Data excerpt
• • • • •
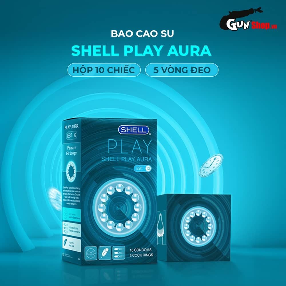➴ Mỗi hộp Shell Play Aura gồm 10 bao cao su siêu mỏng giá rẻ và kèm 5 vòng đeo chứa 12 bi silicon lớn.
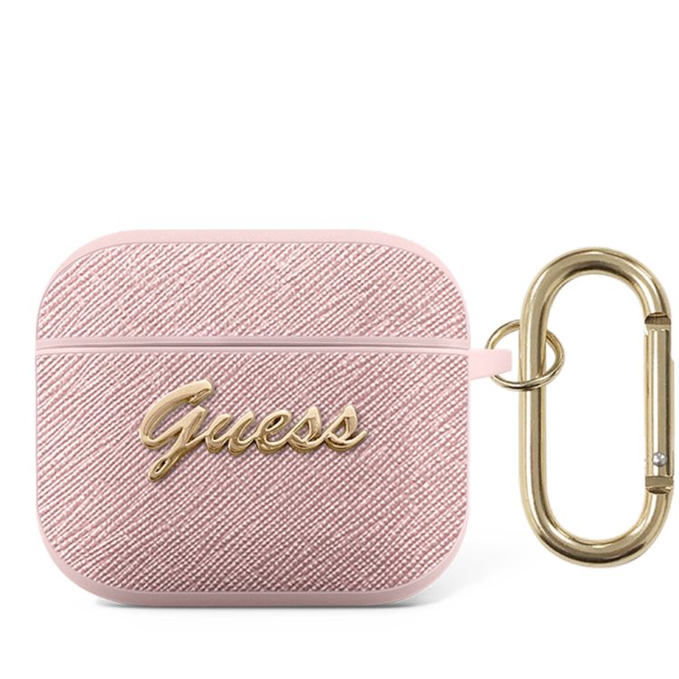 Guess PU Saffiano Case with Script Metal Logo for Airpods 3 - Pink
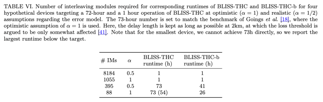 在以下示例中,我们希望计算在特定时间框架内运行我们的BLISS-THC算法所需的最小IM数量。假设我们将交错长度固定为2km——一个较大的值,在这个值下我们开始注意到光纤损耗[41]的影响。由于算法固定了内存量子比特的数量,最小IM数量由我们将需要在工作空间中使用多少量子比特决定。在表VI中,我们提供了运行时间为73小时的结果,这是Goings等人[18]报告的算法运行时间,该算法使用
• • • • •
Description of the task
Every line of the material must be returned exactly; leave the images out.

Written response
➴ Mỗi hộp Shell Play Aura gồm 10 bao cao su siêu mỏng giá rẻ và kèm 5 vòng đeo chứa 12 bi silicon lớn.
 Guess PU Saffiano Case with Script Metal Logo for Airpods 3 - Pink
 在以下示例中,我们希望计算在特定时间框架内运行我们的BLISS-THC算法所需的最小IM数量。假设我们将交错长度固定为2km——一个较大的值,在这个值下我们开始注意到光纤损耗[41]的影响。由于算法固定了内存量子比特的数量,最小IM数量由我们将需要在工作空间中使用多少量子比特决定。在表VI中,我们提供了运行时间为73小时的结果,这是Goings等人[18]报告的算法运行时间,该算法使用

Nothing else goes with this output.